◆ EXERCISE MATERIAL:
╭──

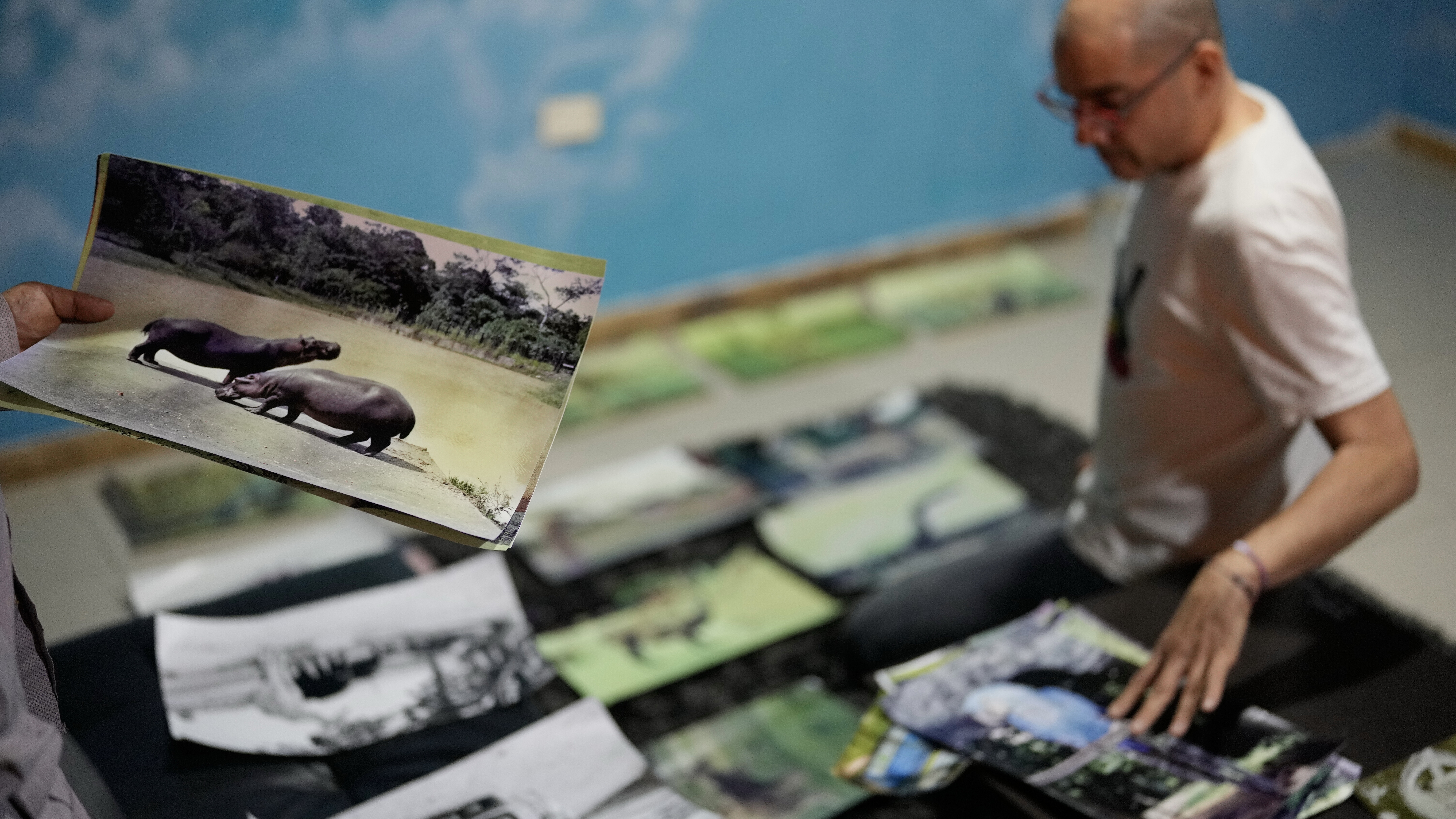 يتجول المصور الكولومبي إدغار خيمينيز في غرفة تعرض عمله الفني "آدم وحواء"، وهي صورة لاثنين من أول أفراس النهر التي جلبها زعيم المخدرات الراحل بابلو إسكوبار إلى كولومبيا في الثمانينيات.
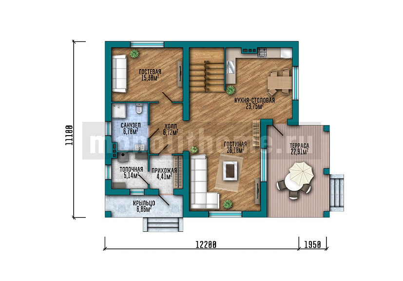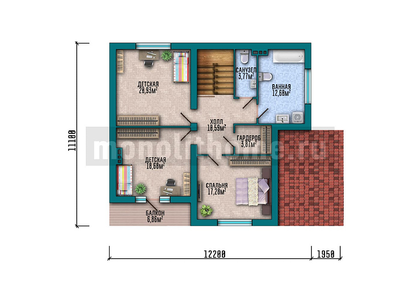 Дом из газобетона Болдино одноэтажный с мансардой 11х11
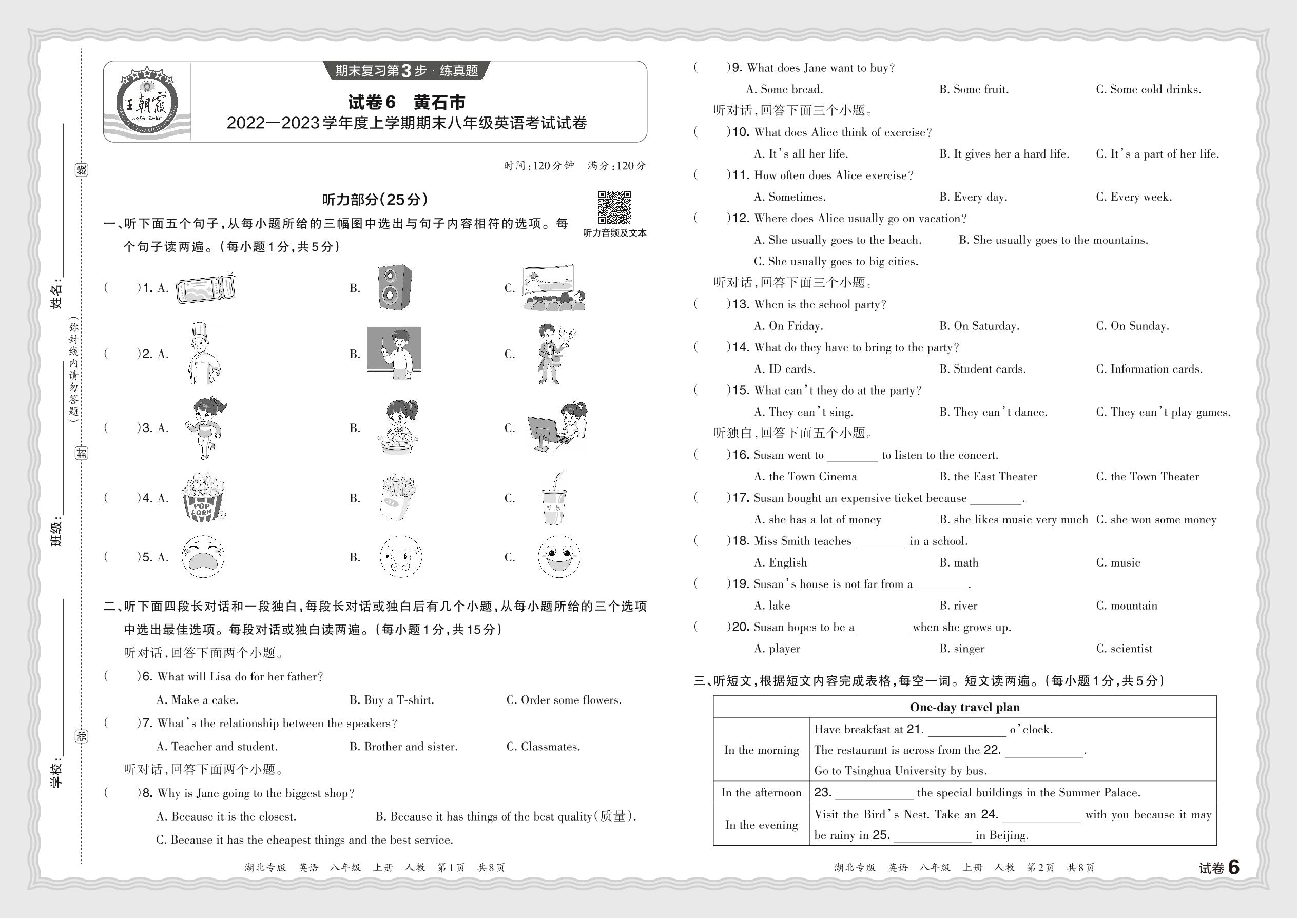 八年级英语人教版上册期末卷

╰──
╭──

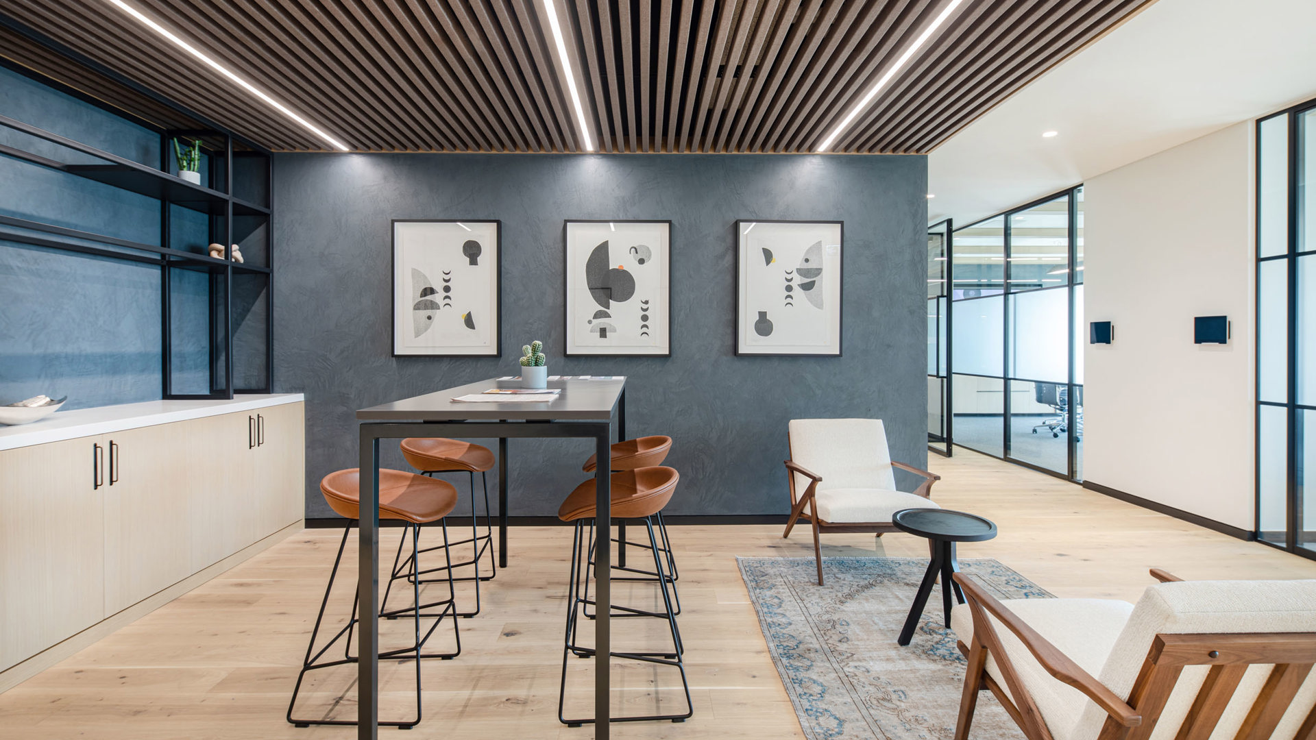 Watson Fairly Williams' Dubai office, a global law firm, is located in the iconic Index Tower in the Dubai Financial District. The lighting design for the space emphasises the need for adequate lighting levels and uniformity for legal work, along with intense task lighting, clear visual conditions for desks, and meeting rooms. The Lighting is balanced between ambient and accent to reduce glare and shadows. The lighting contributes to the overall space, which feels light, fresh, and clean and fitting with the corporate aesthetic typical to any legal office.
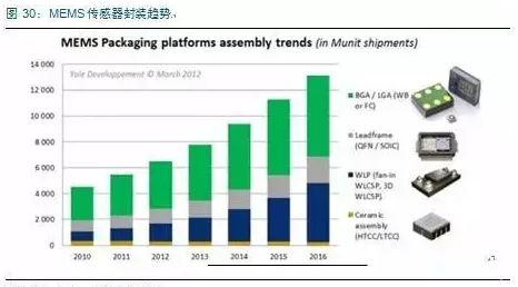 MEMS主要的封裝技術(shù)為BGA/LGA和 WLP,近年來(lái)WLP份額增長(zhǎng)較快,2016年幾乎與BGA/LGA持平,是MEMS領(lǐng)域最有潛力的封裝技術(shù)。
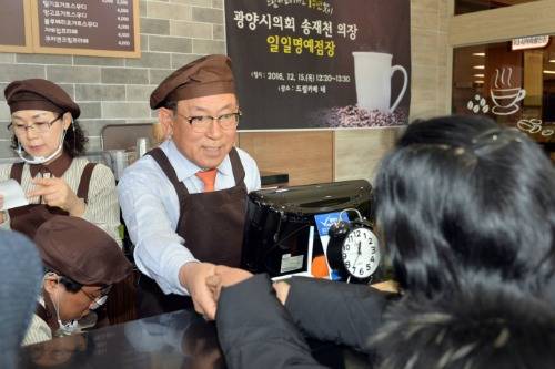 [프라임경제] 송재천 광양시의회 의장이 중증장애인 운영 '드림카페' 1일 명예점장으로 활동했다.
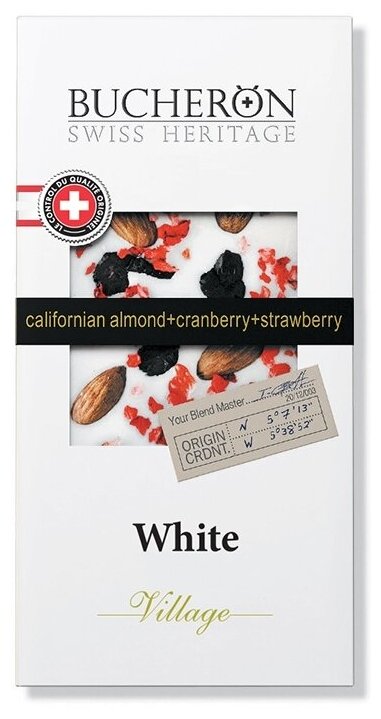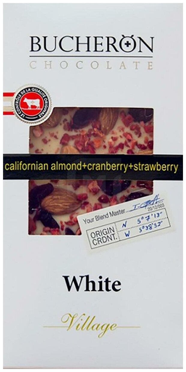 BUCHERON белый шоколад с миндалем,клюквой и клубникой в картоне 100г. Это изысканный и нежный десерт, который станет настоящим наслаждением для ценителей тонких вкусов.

╰──

◆ TASK ITEM:
Could you write out exactly the lines of the data above that run from the one holding "Дом из газобетона" to the one holding "八年级英语人教版上册期末卷", with both ends in and all pictures out?

◆ WORKED SOLUTION:
 Дом из газобетона Болдино одноэтажный с мансардой 11х11
 八年级英语人教版上册期末卷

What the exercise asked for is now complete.